Hints of Hubbell’s willingness to protect the Clintons were indicated in recordings made of conversations between him and his wife, Suzy, while Hubbell was serving his prison sentence. According to a Washington Post account of the exchanges, Hubbell was considering a lawsuit against his former law firm that might “embarrass his former partners” and discussed it with his wife. Suzy, who was then still holding a job as a political appointee within the Clinton administration, warned her husband that she had received warnings about his loyalty from Marsha Scott, a White House aide and “longtime friend of President Clinton.” 173

Quoting Scott, Suzy Hubbell told Webster he would lose his “public support if you open up Hillary to all this.” Characterizing her own understanding of that advice, Suzy concluded: “Well, by public support I know exactly what she means. I’m not stupid.” Hubbell replied: “I told you I will not do that.
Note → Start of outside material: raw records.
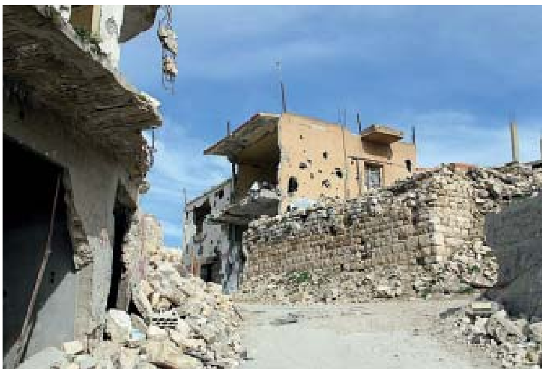
Från ödeläggelsen av den sydlibanesiska byn Bint J'Bayel.

tilläggas att Hizbollah också använde klusterammunition i sin beskjutning av Israel).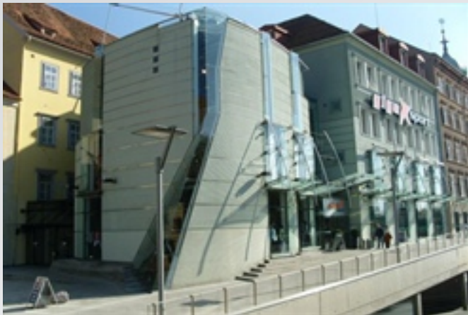
〈 Commercial Building, Graz, Austria 〉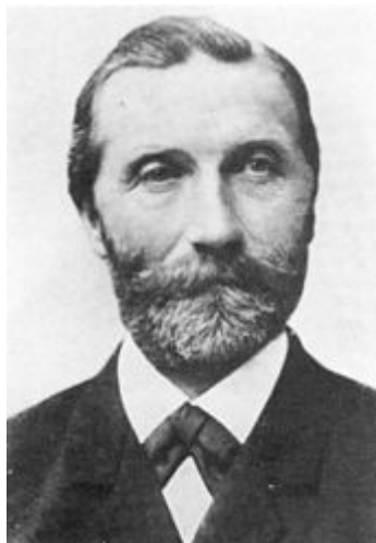
Johann Gerhard Oncken

Jednalo se o německé sbory a na jejich založení měl zásadní vliv Johann Gerhard Oncken, který zakládal baptistické hnutí v Evropě mimo Britské ostrovy.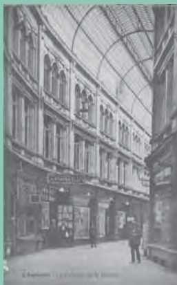
Carte postale – © E. Grandchamps

La mode des rues commerçantes couvertes connaît alors son apogée, portée par les progrès technologiques des constructions en fer et verre. Construit par l'architecte Edmond Legraive à l'emplacement de l'ancien Couvent des Capucins, il rejoint la rue du Collège en dessinant une légère courbe dictée par la présence de l'église Saint-Antoine de Padoue.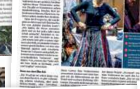
Die ÖGN präsentieren ein abwechslungsreiches Angebot in der Tabakfabrik Linn.

Die ÖGN präsentieren ein abwechslungsreiches Angebot in der Tabakfabrik Linn. Die Messe mit dem nachhaltigen Label.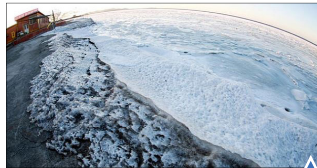
دریای منجمد شده در «دالیان» چین. تصویر هوایی از برف زمستانی در لیتوانی.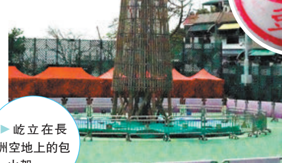
◆屹立在長洲空地上的包山架。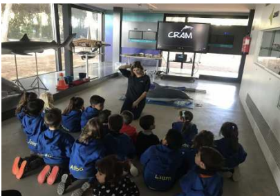
Projecte Animals marins (CRAM)

Entenem el treball per projectes com l'oportunitat de posar en pràctica aquelles capacitats i competències apreses en situacions reals d'aprenentatge, contextualitzades i més motivadores pels alumnes.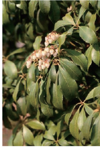
アセビ (知覚過敏、全身麻痺)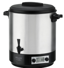
PASTEURIZATION POT AD 4496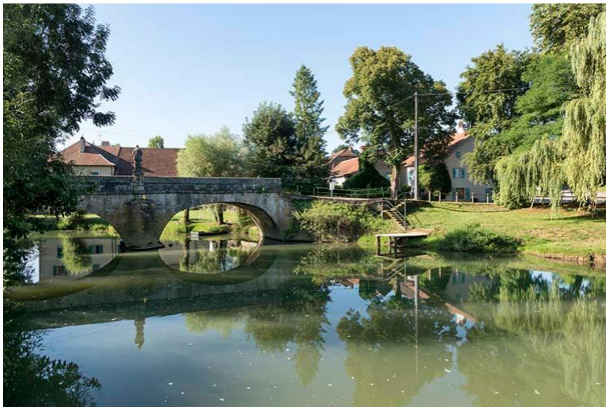
Vue d'ensemble du pont et de la statue de dos 70, Chemilly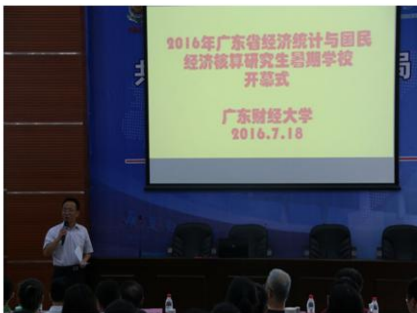
广东省经济统计与国民经济核算研究生暑期学校

学校每年主办 3-5 个广东省研究生暑期学校、广东省研究生学术论坛，学术大咖云集，吸引海内外高校的硕士生、博士生及青年教师参加，实现了学术争鸣和交流，为在校研究生营造了良好的学术氛围。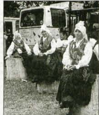
Naklanske folkloristke so si pred plesom raje vzele čas za počitek.

upokojenskih, plesali smo splet starih, še neobjavljenih plesov, zanimivo pa je bilo tudi to, da so naše ženske tokrat nastopile s pečami na glavah in v zavijačkah, kot prej," je povedal Andrej Košič, ki je bil letos na beltiškem festivalu že sedemnajstič, in hkrati dodal: "Ta nastop je bil naš najpomembnejši doslej. Pred štirimi leti, ko smo ustanovili folklorno skupino, si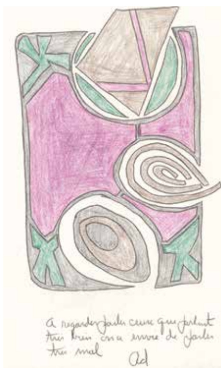
À regarder parler ceux qui parlent très bien on a envie de parler très mal p. 31

Nous connaissons déjà des collages qui avaient été exposés. Ici les dessins jaillissent d'abondance par l'emploi exclusif de crayons de couleur. Notre étonnement est immédiat, qui vaudrait aussi pour la lecture de ses livres : « Où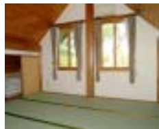
ログハウス1階居間と2階和室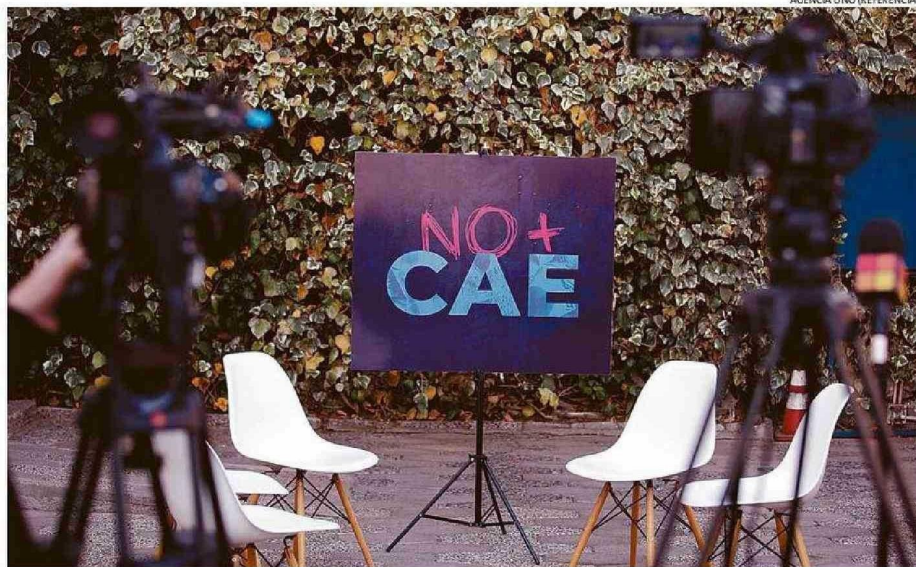
DESDE QUE SE CREÓ EL CRÉDITO CON AVAL DEL ESTADO, MÁS DE 1.200.000 PERSONAS, A NIVEL NACIONAL, SE HAN VISTO BENEFICIADAS.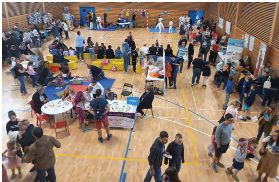
Vystavovatelé a návštěvníci veletrhu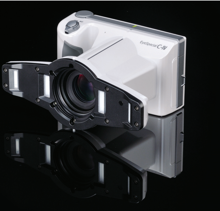
Die EyeSpecial C-IV Dentalkamera.

Es gibt viele Wege, um in der Dental- fotografie gute Ergebnisse zu erzielen: mit dem modifizierten Smartphone, der spiegellosen Kompaktkamera oder der aufgerüsteten Spiegelreflexkamera. Jede dieser „Damit geht's auch“-Lösungen hat Nachteile. Sie sind entweder umständlich, erfordern umfassendes fotografisches Fachwissen, Training und Investitionen in zusätzliches Equipment, lassen sich nur mit erheblichem Aufwand in den Praxisalltag integrieren – oder kombinieren all diese Nachteile.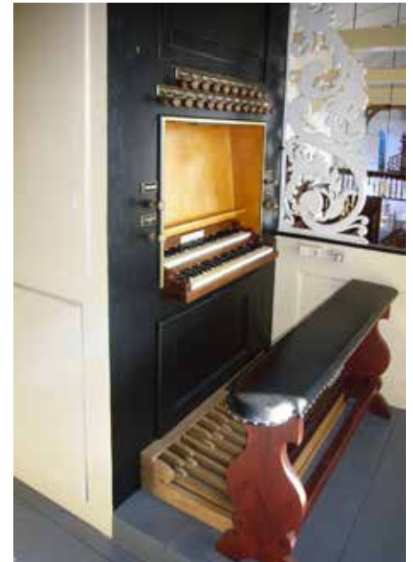
De klavieren van het orgel van Kimswerd, met weer de oude (gerestaureerde) orgelbank en gereconstrueerd pedaalklavier.

werden ingeruild voor een Gamba en een Voix Celeste; in 1918 en 1922 was er herstelwerk aan ondermeer de klavieren. In 1964 werden door Wim Eppinga uit Britswerd bij een niet in stijl passende restauratie deze stemmen vervangen door andere uitersten: een Terts 1 3/5 vt en Quint 1 1/3 vt. Het aangehangen pedaal werd uitgebreid met cis 1 en d 1 , met een nieuw pedaalklavier en orgelbank. Een pneumatische tremulant werd aangesloten op de knop Ventiel. Er kwam een nieuwe windmachine. De orgelkast werd geverfd in ‘Pruisisch blauw’ en de frontpijpen werden gepolijst. In 2012-2013 werd het orgel opnieuw gerestaureerd. Hierbij werden tevens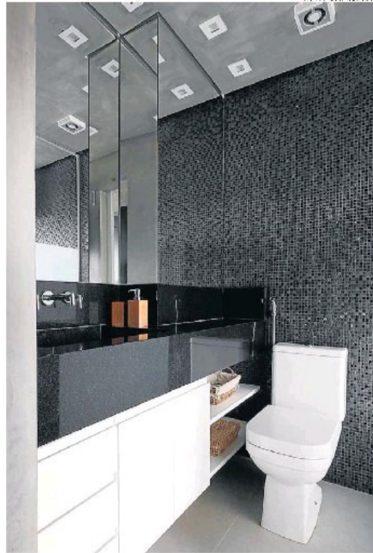
▶ O banheiro com o pavimento inferior, também em tonalidades escuras.

jeito, ainda mais que os materiais empregados eram comparáveis com o orçamento estipulado pelo meu cliente. Mas, ainda assim, optei por uma abordagem mais suave”, assume Marina, que, para evitar excessos, procurou inserir nos ambientes materiais mais suaves e agradáveis ao toque, como o couro e a lã.

I will not raise those allegations that might open it up to Hillary.” 174

“I’m hearing the squeeze play,” said Suzy, after stating it was her understanding that her job could be in jeopardy if Hubbell sued the firm and angered the White House. Replying to this concern, her husband said: “So I need to roll over one more time.” 175

Suzy also asked if a lawsuit exploring overbillings at the law firm could cause troubles for Hillary Clinton. Hubbell replied with a non-answer warning: “We’re on a recorded phone, Suzy.” 176

According to the Post, Hubbell also spoke directly with Marsha Scott that day—March 25, 1996—and asked her: “Have I ever been disloyal?” 177

“Oh, God, no,” said Scott. 178

“And I am not going to be here,” replied Hubbell. 179

According to the Wall Street Journal, March 25, 1996, was also the day David Hale was “sentenced to 28 months in prison for defrauding the federal government.” 180  As a cooperating witness for the OIC, Hale testified that Bill Clinton and Jim McDougal had pressured him to make a $300,000 loan to Susan McDougal, at least some of which was deposited into a Whitewater Development Corporation account. 181  Jim McDougal corroborated Hale’s accusation and Susan McDougal was also convicted of crimes related to this loan. 182  183

The Washington Post account of Hubbell’s prison conversations with his wife also touches on media reports about payments he had received from the Lippo Group. “I’m not telling anybody what I did or what they paid me,” said Hubbell. 184

Noting the “pattern” of “generous payments made at the behest of the White House for amorphous professional services,” Starr speculated in his book about the investigation that Hubbell might have been receiving “hush money.” The former OIC chief’s opinion throughout his memoir was that Hubbell had not provided full and truthful testimony to the investigation. 185

Other Controversies

Several controversies regarding the personal, political and business conduct of Bill and Hillary Clinton have emerged since his 1992 Presidential campaign.

Travelgate

In May 1993 White House aide David Watkins ordered the firing of the seven-person staff of the White House travel office. 186 In operation since the days of President Andrew Jackson, the travel office had provided logistical arrangements for reporters seeking to travel with the President. 187 A February 1995 Washington Post report on the incident described it as “one of the Clinton administration’s great political embarrassments.” 188 According to the New York Times, in October 2000 the Office of the Independent Counsel (OIC) investigating the incident issued a report declaring Hillary Clinton had “given “factually false” sworn testimony” and “played a far greater role in the dismissals than she had admitted,” but that there was “insufficient evidence to seek criminal charges against Mrs. Clinton.” 189

In its initial justification for the firings, the White House stated it had evidence of corruption by travel office director Billy Dale. Shortly afterward, five of the six other fired employees were given jobs elsewhere in the federal government. Dale had been a travel office employee since 1961 and his former coworkers defended his honesty when the Washington Post profiled them in 1995. The Post also explained the unorthodox practices required of the travel office, such as handling the payment of “tips” that were often demanded by corrupt officials in some of the nations that Presidents visited. 190 191

The Post stated that White House aide Catherine A. Cornelius had encouraged the FBI to investigate Dale, which resulted in him being prosecuted for embezzlement. 192 In November 1995, after deliberating on the evidence for two hours, a jury found him not guilty. 193 No other travel office employees were prosecuted.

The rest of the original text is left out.